# former or current CSCA students



## krnbbq (Dec 13, 2006)

I'm considering CSCA as the school of choice for Patisserie and Baking(that's my passion), but only because it's close to home. I'm curious as to what former or current students (culinary or p&b) have to say about the school. What did you like or not like about the school and whether or not you would have chosen a different school to learn at or what courses were difficult. I just want to have a basic idea, because I'm having some doubts as to whether or not it'd be worth it to enroll at CSCA or say to go to a name brand school like the CIA, though I have heard that once you get the diploma it can get your foot through the door. I'm set to start in Feburary but haven't finished with the financial process, (which was very overwhelming: the cost of it all!) Any help would be very appreciated. I have been thinking about this for about 3 years and now that I finally get the opportunity, tiny nagging doubts have appeared.
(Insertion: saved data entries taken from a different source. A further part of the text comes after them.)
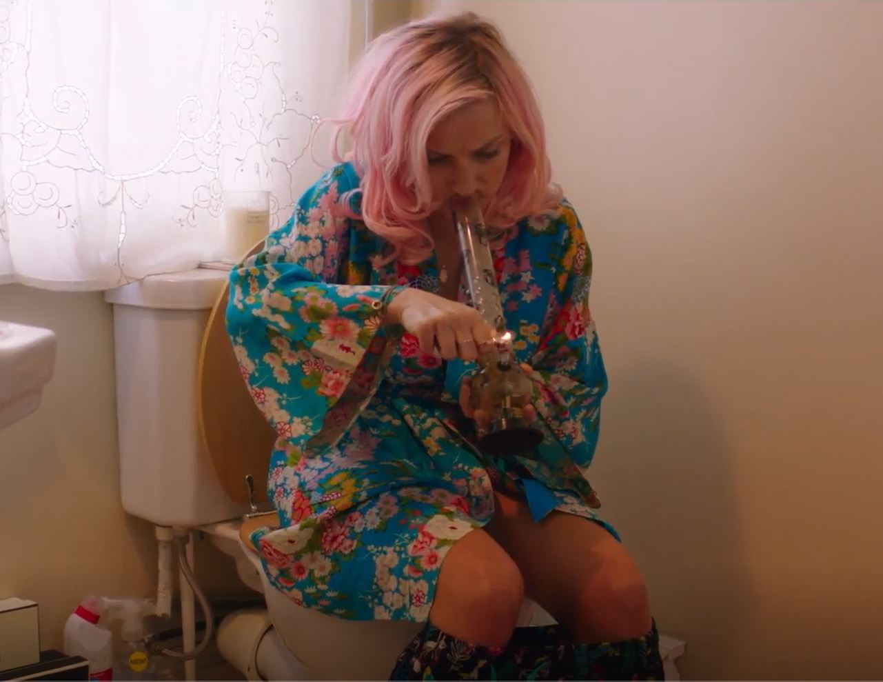 Alex (Faye Marsay) is shown sitting on the toilet, peeing while smoking a bong. She sighs and moans in relief but it could be from inhaling the bong. She then spots a photo of her and her girlfriend Olivia (Lucy Punch) and tries to grab hold of it but ends up falling off the toilet.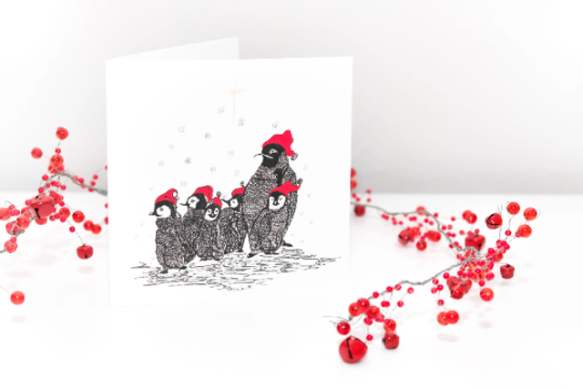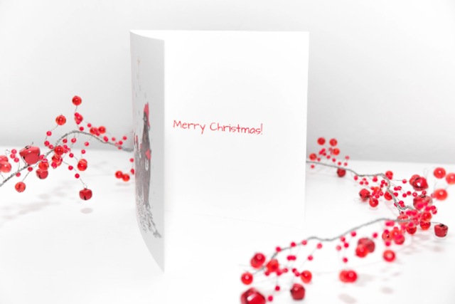 Message inside to read Merry Christmas! in red font colour. Hand-sketched by myself with love and reprinted to 150mm x 150mm 324gsm textured matt blank board card. Printed in the UK from fully sustainable forests by professional Giclee printers.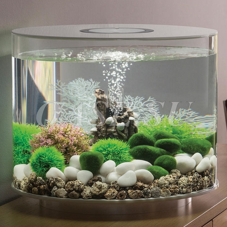 - Круглый аквариум со светодиодной подсветкой белого цвета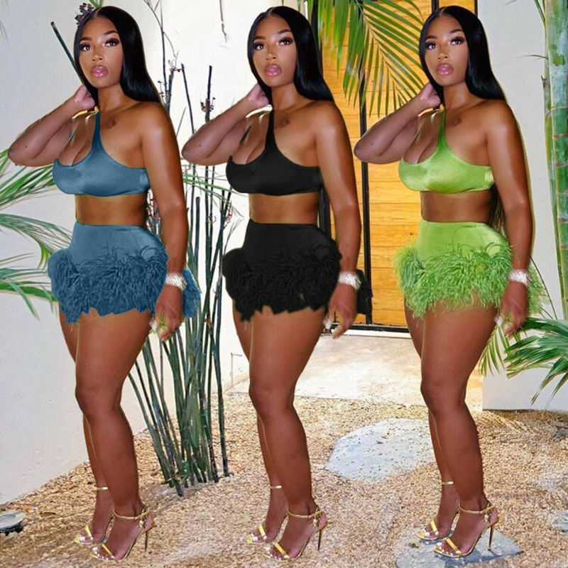 Echoine Solid Feather Fringe Shorts Crop Top Two Piece Set Summer Streetwear Women Sexy Bodycon Tracksuit Party Outfits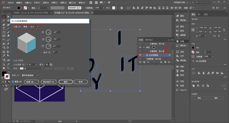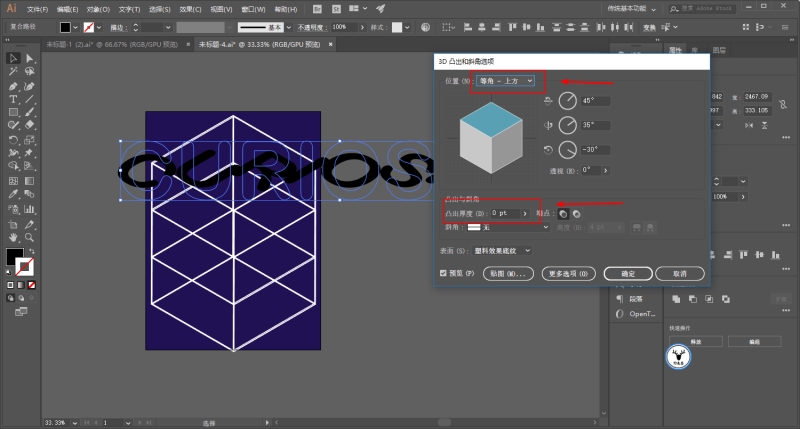 再将文字全部选中,执行效果-3D-凸出和斜角,把位置先改为等角-上方,厚度改为0: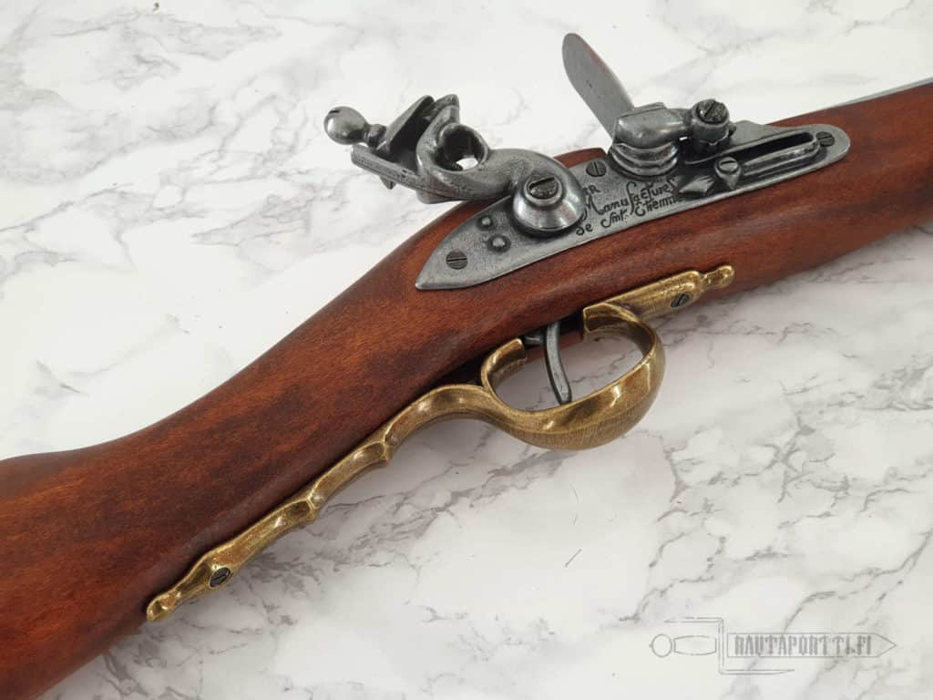 Of course, Charleville muskets were made not only in Charleville but also in other gun factories in France, but the name of the gun remained. The weapon, which was in production for a long time, can be found in several different versions, and new small improvements may have been made every few years. In appearance and style, this replica corresponds to the model 1766 and later versions.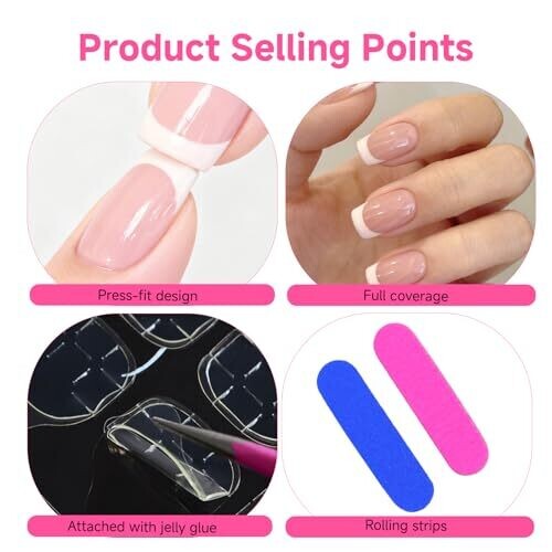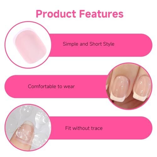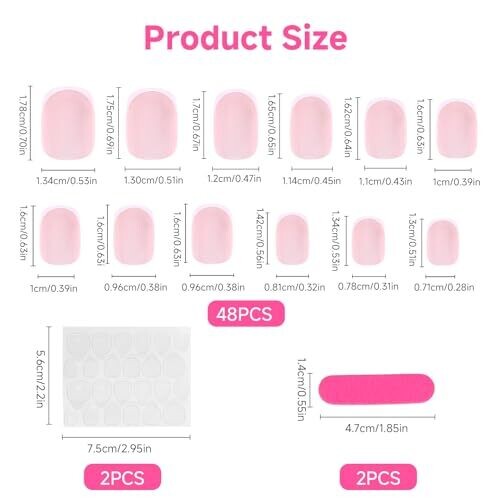 Get salon-worthy French tip nails at home with a timeless, elegant design. Short press-on nails provide all-day comfort, includes 48 nude French nails in 12 sizes for a precise fit, with jelly adhesive tabs for quick, damage-free application suitable for any occasion.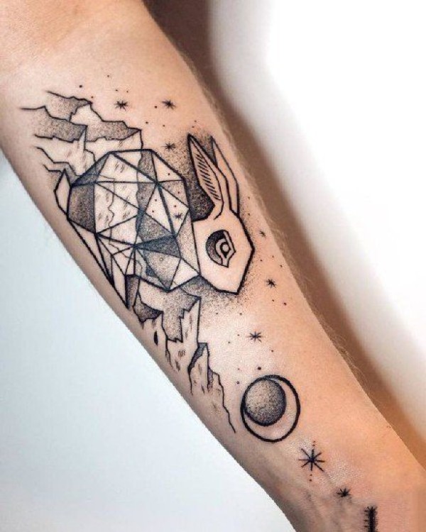 小兔子纹身:黑灰色的9张小兔子纹身作品9张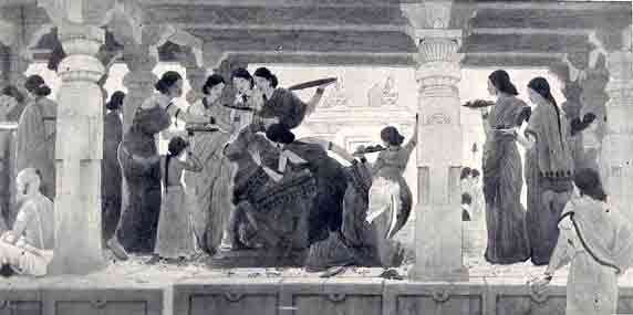 Others, it seems, reacted otherwise. "Even though the subject-matter be Indian, as when Indian figures are put into the framework of an Ajanta Vihara, there is a total failure to seize the spirit of Ajanta and to create a true Indian atmosphere. These figures are Indian studio models posed according to European academic rules, arranged mechanically in Leightonesque attitudes in a decorative pattern, but they are wholly un-Indian in thought and unnatural in expression. The artist is bound hand and foot by a scholastic tradition foreign to his own nature and is unable to find himself." Thus the (English) father of the Calcutta School dismisses (Rupam, January 1925, the month before Ram died) the Bombay exhibits at Wembley. It is an obvious caricature of the Nandi-Pooja and Ram's other pictures; but horribly stuffed as it is with epithets of war, I doubt if it means much when analysed except that, for Mr. E. B. Havell, any reminiscence of Leighton (who is out of fashion in the West) destroys ‘that Indian feeling’. Leighton for him means South Kensington, studios, models, academic rules, a dead scholastic tradition, mechanical arrangement and all that. For Rama Rao Leighton stood for something quite different. He stood for the fresh and wonderful art of Greece and for the living world behind it, which was nearer to Ram's than it could ever have been to Mr. Havell's. This after all is the natural response of a youth in Ram's position, a born visualizer and artist who knows nothing of fashions and fopperies, the satieties and sentimentalities of Paris and London. It was not an attitude foreign to his nature imposed upon him at the Art School. The Art School merely taught him to do what he had dreamed. I happen to know this, but my testimony will not appear surprising to anyone who conceives the situation dispassionately.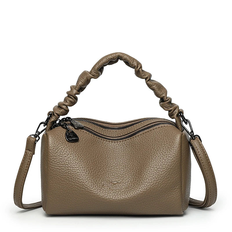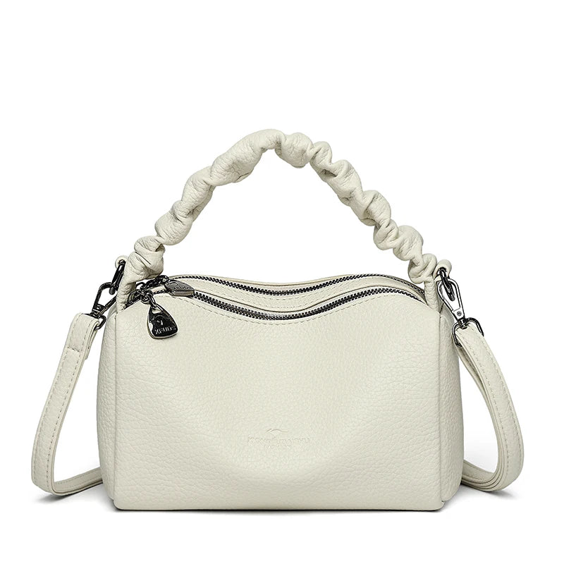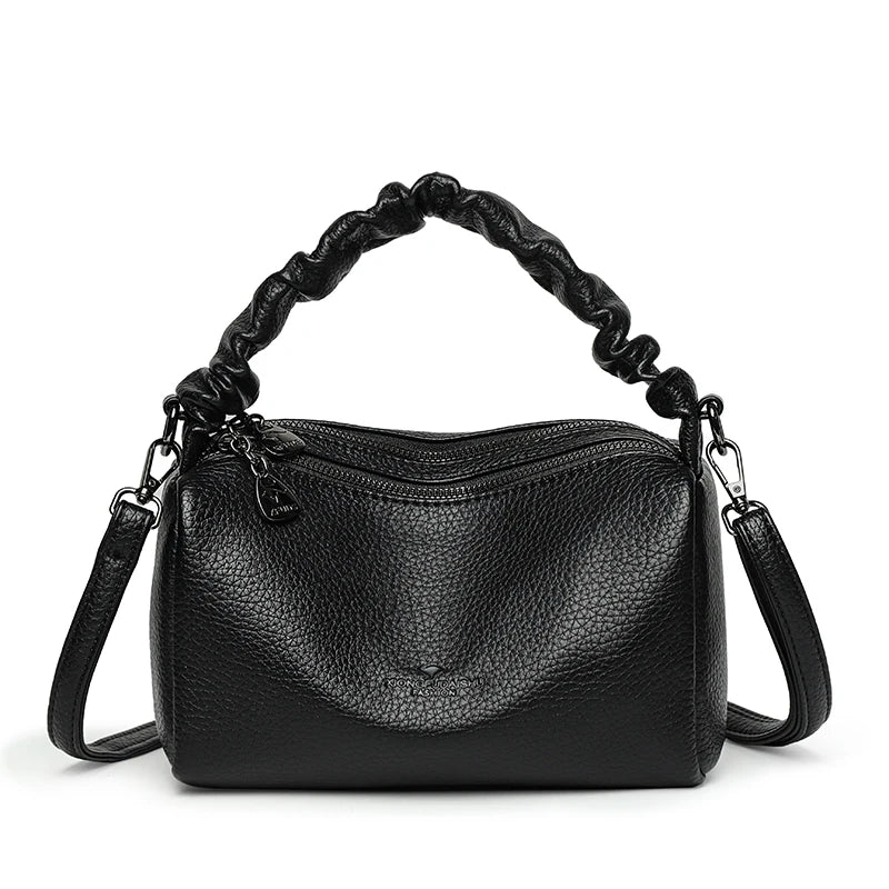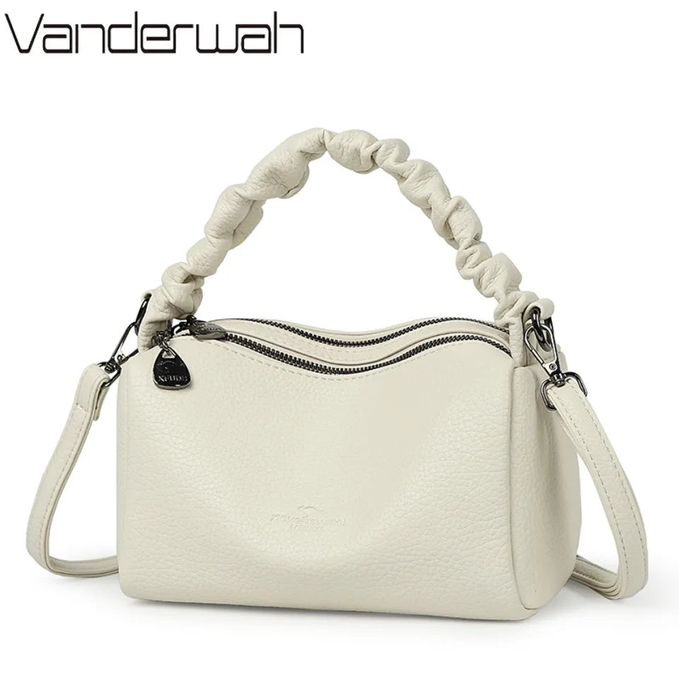 Geantă mică de umăr din piele PU cu două straturi pentru femei, poșetă de lux crossbody cu buzunare interioare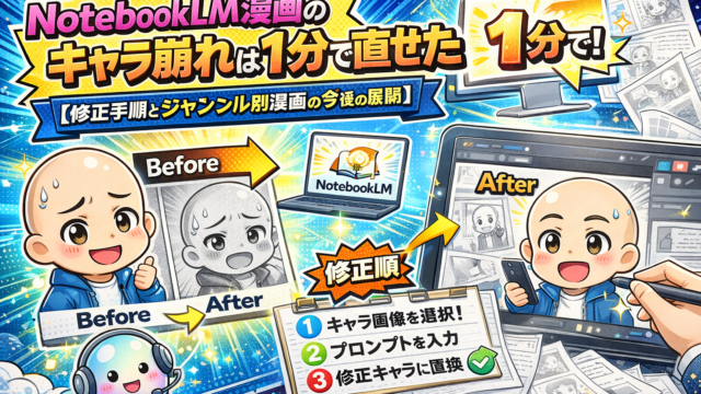AIツール & 使い方 NotebookLM漫画のキャラ崩れは1分で直せた【修正手順とジャンル別漫画の今後の展開】 2026年3月26日 hiroro-ailab https://hiroro-ailab.com/wp-content/uploads/2026/03/hiroro-header-1500x500-1.png HiroroのAIと副業ラボ こんにちは、Hiroroです。 前回の記事でお伝えした「5枚目のHiroroだけキャラが崩れていた問題」、さっそく修正しました。 …
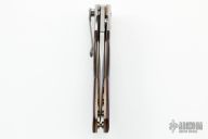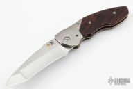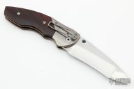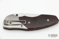 This custom Scout linerlock by Allen Elishewitz features a tumbled blade with a single thumbstud. The handle has orange peel finished titanium bolsters, cocobolo scales, textured and anodized titanium liners, barrel spacers, and a tip down bead blasted stainless steel clip. Gold Elishewitz logo medallion. Nice blade seating, detent, and lockup. Has some scratches on the clip, otherwise excellent condition.

Please help!


----------



## socalbaker (Jul 14, 2006)

krnbbq,
I am an alum. of CSCA (P&B grad) and here is my 2 cents. Before I attended CSCA I had previous experience in the baking field so that helped me out alot. What I liked about CSCA: being in Pasadena, my chef instructors, my classmates, the Servsafe class, etc. The dislikes: a few modules seemed unorganized or too "rushed" or not enough equipment for the entire class (sugar warming boxes). When I attended CSCA the P&B program had just started earlier that year so maybe now its better. For me the most stressful course was the wedding cake module, only because I had to make every gumpaste flower & leaf by hand & make sure I had extra in case of breakage. This was for the wedding cake final.
If I had to do it all over again and had the financial means to move & rent, I would have considered the French Pastry School in Chicago. But my experience @ CSCA was great......you get out what you put in to it. 

Good luck to you!!


----------